Less-than-stellar movies get an uplift from these displays of film production imagination. Brian De Palma’s much-maligned adaptation of Tom Wolfe’s The Bonfire of the Vanities (1990) remains a cautionary tale for Hollywood, more than 30 years after it bombed. TCM just released a podcast adaptation of Julie Salamon’s The Devils’ Candy, her landmark book-long reporting on its making - or shall we say unmaking -. It brought the movie back into public consciousness and streaming services. It is currently available on HBOMax. 

I am afraid a critical reappraisal will not translate into vindication for De Palma but check out that opening scene. It is delicious. An unbroken take follows journalist Peter Fallow as he arrives at a glamorous event celebrating his eponymous novel. The scene plays like a fizzy lark. It proves to be the premature high point of an enterprise bound for failure. Kudos to Rita Wilson, playing a brittle PR rep trying to lasso in Bruce Willis as insolent journalist hack Peter Fallow. In a cruel twist of film production fate, it came out the same year after Goodfellas, just four months later. The best and arguably the worst movie of the year, both have killer single-shot scenes.

It is a cautionary tale for up-and-coming filmmakers. A good single-shot scene is not enough to prop up a whole movie

An Admirable Feat of Film Production

It is a cautionary tale for up-and-coming filmmakers. A good single-shot scene is not enough to prop up a whole movie. Even when it makes sense, it might not work. In Atonement (Joe Wright, 2007), there is a show-stopping scene surveying the gory madness of the Dunkirk evacuation in WWII. It is an admirable feat of film production, but it calls too much attention to itself. It takes you away from the reality it is trying to sell you. War is hell...¡but look ma! ¡No cuts! 

If you can trust IMDB trivia, the shot took two days to film, with one thousand extras and unruly outdoor locations with natural light. As fun as they look, single-take scenes require many film production resources and eat up a lot of shooting time. Before you set your heart on one of these showcases, take a measure of how it will impact your production flow. And consider if you have enough budget to get it done.
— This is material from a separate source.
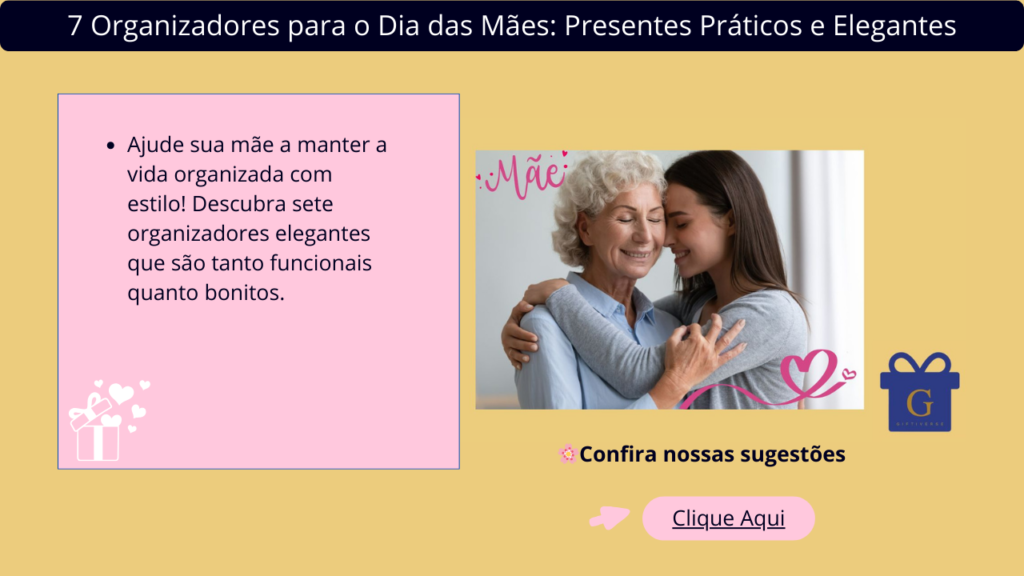 Organizadores para Dia das Mães – está chegando o dia das mães e encontrar o presente perfeito pode ser um desafio. Uma ótima opção são os organizadores, que unem praticidade e elegância em um só item. Confira nossa seleção especial de Organizadores para Dia das Mães que vão encantar as mães que amam manter tudo em ordem.

You may see these single shots marvel as a call to action, a tease, an invitation to play. But sometimes, you catch a master of the form that shreds any ambition you might have to achieve that kind of cinematic virtuosity. Khrustalyov, My Car! (Aleksei German, 1998) is a dark picaresque about a soviet general going to virtual hell as Stalin dies, is a film production composed of a series of baroque one-take wonders, so dense and packed with detail that they overwhelm you. If you appreciate the form, you have to take this in, but be warned. It is a difficult, moody movie. It does not blink when it comes to portraying violence.

You Have Not Seen It All

When you think you have seen everything, and there is no way anybody can make this trick his own, along comes Annette (2021). Leos Carax’s challenging musical starts with the director working at a recording studio with the cult band Sparks, session musicians, and a chorus of female singers uniformed in aquamarine dresses. Carax says “So, may we start?" and the prompt becomes the first verse in an opening number. After a few cuts in the studio, the camera tracks the talent leaving for the streets. The rest of the cast assembles and walks, intoning a self-referential hymn about putting on a show. 

Actors Adam Driver and Marion Cotillard start the promenade as themselves. They end it as their characters: a bitter comedian named Henry McHenry. and a delicate opera singer Anne Desfrasnoux. The unlikely pair is in love. That gliding shot is a simple and elegant way to ease us into their world. 

You love to see it. And you would love to do it.